Hantavirus disease or HFRS is an endemic zoonosis that affects tens to thousands of individuals in Europe and Asia. PUUV and DOBV have caused the vast majority of human cases in Europe, with the virus transmitted to humans mainly through persistently infected bank voles (Myodes glareolus, previously known as Clethrionomys glareolus) and the yellow-necked field mouse (Apodemus flavicollis), respectively (Vapalahti et al. 2003, Bi et al. 2008, Heyman et al. 2008, 2009). In western and northern Europe, only PUUV infections have been reported, with the largest number observed in Finland. The DOBV/PUUV infection ratio varied from 3.6% in Southern Germany to more than 50% in Slovenia and up to 100% in Greece from the west and north to eastern Europe. Although HFRS caused by PUUV is usually seen as a milder form of HFRS (nephropathia epidemica=NE), DOBV is associated with severe HFRS with high rates of mortality (Heyman et al. 2009). Recently, another European hantavirus, genetically closely related to DOBV, was found in the striped field mice (Apodemus agrarius) (Nemirov et al. 1999) and named SAAV (or DOBV-A.a.). The virus has been found to circulate in Estonia, Russia, Denmark, Slovenia, and Slovakia (Heyman et al. 2009, Jonsson et al. 2010, Kaya et al. 2010) and to be associated with human disease in outbreaks in Russia and cases in Germany and Slovakia, with mild, NE-like HFRS (Sibold et al. 1999, Klempa et al. 2003, 2008, Heyman et al. 2009, Jonsson et al. 2010). SAAV was recently recognized by the ICTV as a unique hantavirus species.
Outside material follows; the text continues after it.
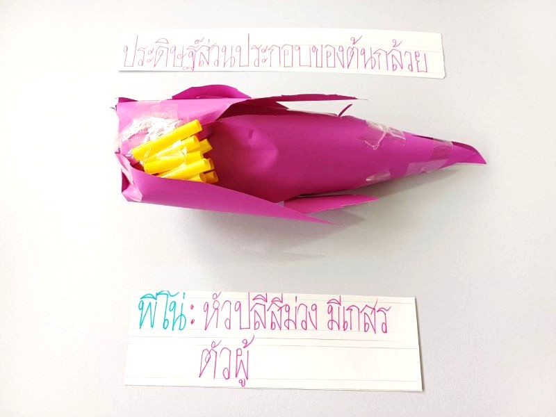 ผลงานการประดิษฐ์ส่วนประกอบของต้นกล้วยโดยใช้เศษวัสดุ พีโน่ : หัวปลีสีม่วง มีเกสรตัวผู้

Of the 626 participants involved in the survey, 20 sera had hantavirus-specific antibodies detected by immunoblotting. Three of 20 immunoblot-positive sera were confirmed as PUUV-specific by FRNT, and 2 samples were found as specific for DOBV/SAAV (serum no. 19) or for DOBV (serum no. 20) by FRNT. Sample 19 was strongly positive by ELISA (TV: 8.51) and immunoblotting (PUUV, DOBV, HTNV: ++, +++, +++) and the other (sample 20) was also found strongly positive by ELISA (TV: 9.73) and immunoblotting (+, +++, +++). The other probable DOBV serotype positivities detected by immunoblotting could not be confirmed by FRNT. One possible reason for the low numbers of samples confirmed by FRNT (total 5) as compared to 20 immunoblot-positive samples might be that there exist (unknown) hantavirus strains/viruses that are distinguished from the different strains included in the FRNT. Therefore, further studies are needed, and RSNPHA is at present carrying out analyses of further potential unknown hantaviruses/strains circulating in Turkey.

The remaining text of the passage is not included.